Kendinizi sezgiye açmak için önce sezgisel bir deneyim yaşamanızı engelleyen şeylere bakmalısınız. Yolunuzu temizlemek için ortadan kaldırmanız gereken geçmişten veya günümüzde çalışan bloklarınız olabilir. Hangi blokların sizi etkilediğine dair bir envanter tutun ve bunları belirledikten sonra yolunuzdan kaldırmaya ve sezgisel deneyimleri belirlemeye hızlı bir şekilde geçebilirsiniz.
⭐ ⭐ ⭐ ⭐ ⭐
Uzmanlaşmak istenilen konu üzerinde çok uzun zaman düşünülebilir ve fikir geliştirilebilir.
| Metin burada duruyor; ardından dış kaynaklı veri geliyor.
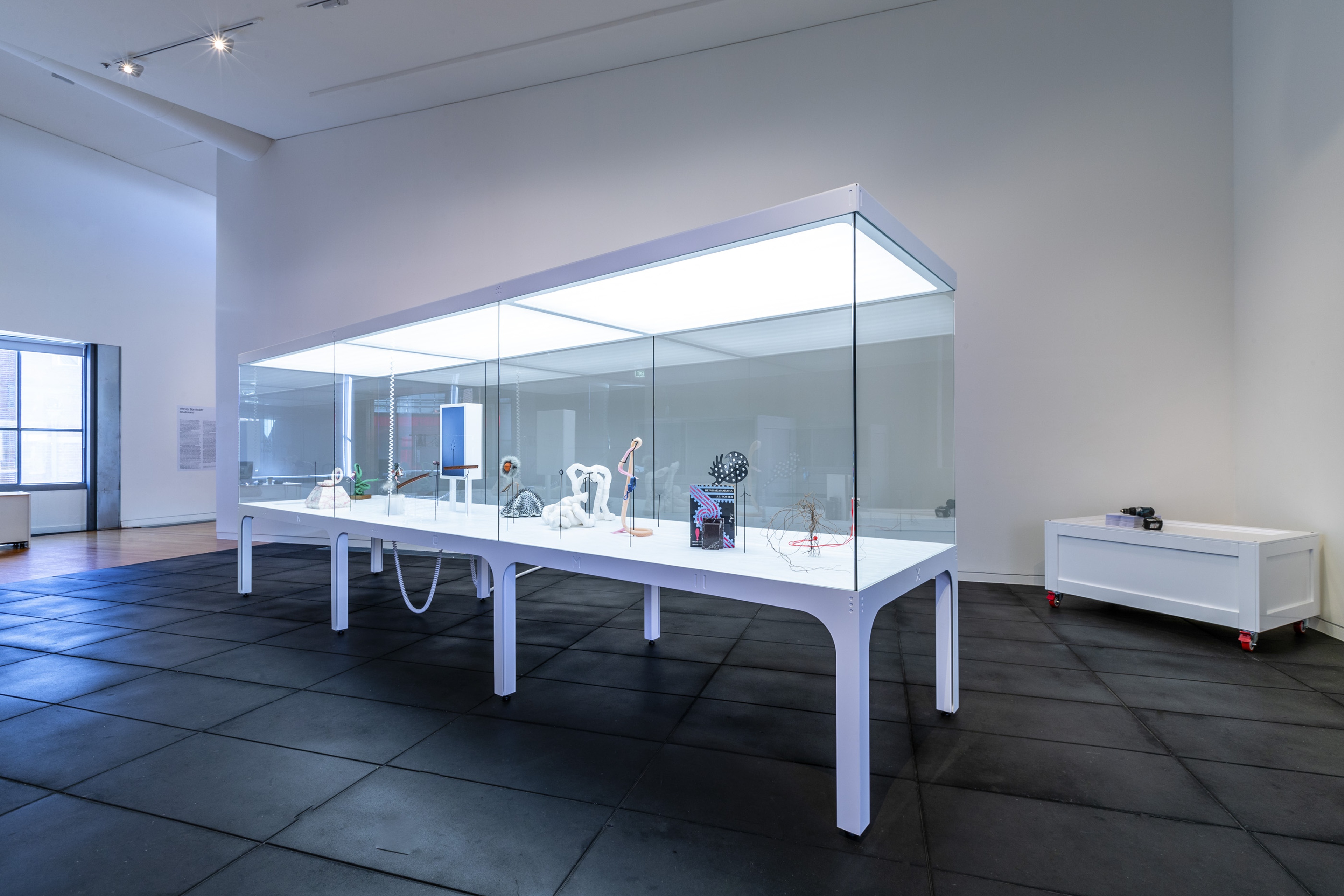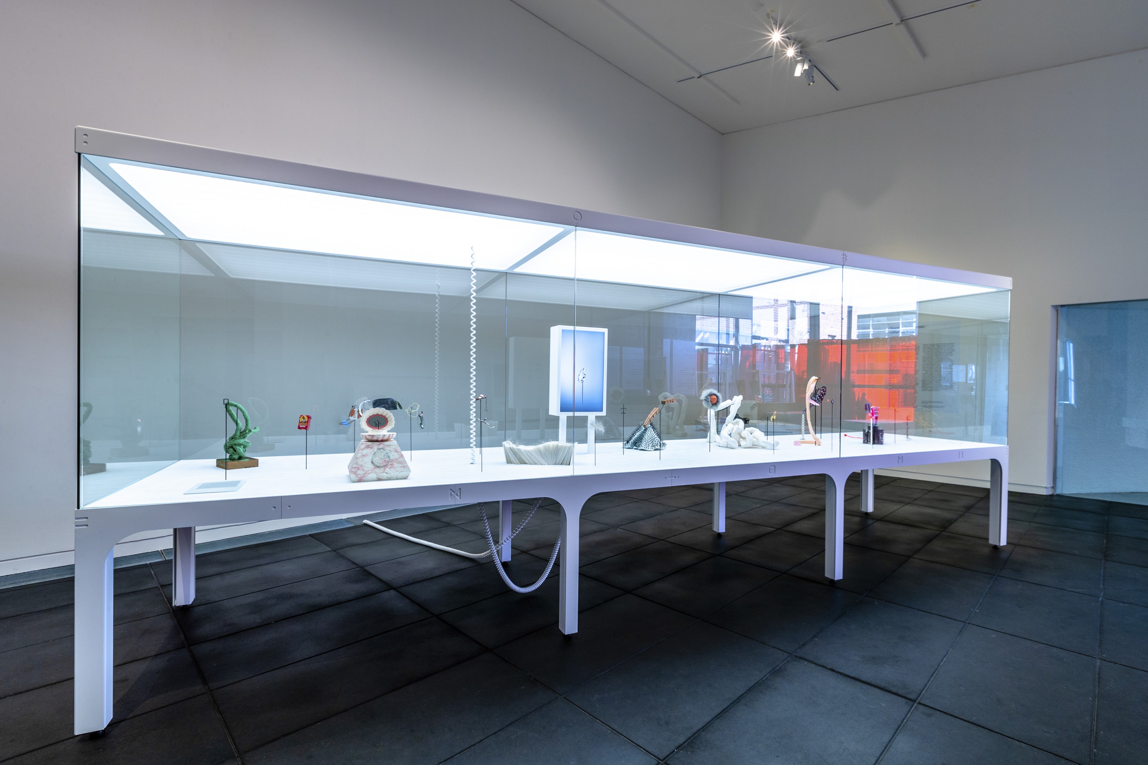 Sophia Smolenski, vitrine, glass, acrylic, steel, paint, aluminium, MDF, Tyvek, 22 metal mounts, art works by 22 artists, 2023. Installation view, Sophia Smolenski: Offering It Up, in Back of House, Te Pātaka Toi Adam Art Gallery, Te Herenga Waka—Victoria University of Wellington, 2023. Photo: Ted Whitaker
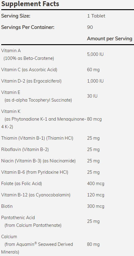 Съставки: витамин А, витамин С, витамин Е, витамин К, витами В6, витамин В12, калций, магнезий, фолат, тиаминм рибофлавин, ниацин, биотин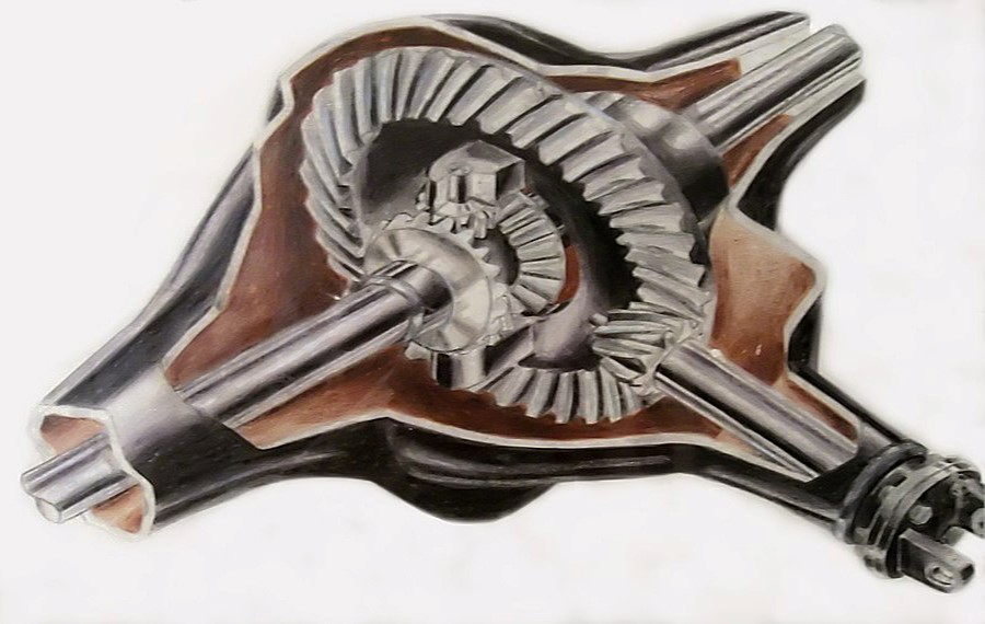 چرخ‌دنده کله گاوی: این چرخ‌دنده نیروی گشتاور گیربکس را به دیفرانسیل منتقل می‌کند تا دیفرانسیل نیرو را بین چرخ‌های محرک تقسیم کند.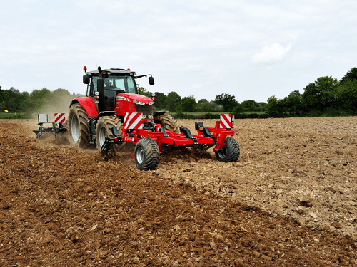 Gamme de déchaumeurs poussés OPTILINE avec châssis tripoutre carré de 100 x 100 et 3 rangées de dents soit sécurité non-stop ressort ou sécurité boulon de cisaillement ou de type queue de cochon carré 35 mm.

Geliştirme süreci içinde olabildiğince kapasite artırılır ve bu kapasitenin maksimum olması da beklenmez çünkü zaman maliyetinin yüksek olduğu durumlarda fırsatlar kaçırılabilir, bu yüzden kapasite yani yeterlilik seviyesi optimum olduğunda eyleme geçilir. İşte bu yeterlilik seviyesinin uygunluğunu nasıl ölçebiliriz? En az çaba ile en çok faydanın elde edildiğinin uygulamada görüldüğü ve bu faydanın devamlılık öngörüsünün oluştuğu an doğru andır. Doğru ana kadar geçmişte yapılan işler, denediğiniz her iş modeli ve girişimleriniz, bu süreçlerde yaşadığınız tüm sorun, engel, problem, hata ve yenilgiler size çok önemli deneyimler kazandırır. Bu sayede alacağınız yeni kararlarda düşünce algoritmanız zamanla mekaniklikten çıkarak sezgilere dönüşür ve deneyimin devamlılığı ve zenginliği sezgileri daha da güçlendirir. Sezgilerle, yaşanan deneyimin varlığı bir nevi ütobik düşünceleri oluşturur bu da yaşanacak deneyimin sonuçlarını olumsuz yönde etkileyebilir. Ancak yaşanan deneyimlerin sürekliliği ve deneyim kalitesi ne kadar iyi olursa derinleşen ve zenginleşen beceriler sayesinde sezgiler bağışıklık kazanarak güçlenir. Böylece yaşanan deneyimlerin zenliği ve kalitesi sayesinde deneyimden yola çıkarak sezgilerin güçlendiğini söyleyebiliriz.
Karar kalitesini iyileştiren, kararların doğru ve güçlü şekilde yönetilmesini sağlayan önemli bir beceridir Deneyimsel Sezgi. Sezgisel Deneyim ile Deneyimsel Sezgi farklı yaklaşımlardır. Biri sezgilerden yola çıkarak güçlü deneyimler yaşamımızı sağlar, diğeri de deneyimlerimizden yola çıkarak güçlü sezgilerle doğru kararlar almamızı kolaylaştırır. Ancak her iki yaklaşım ve beceri de Sezgi-Deneyim döngüsü oluşturur.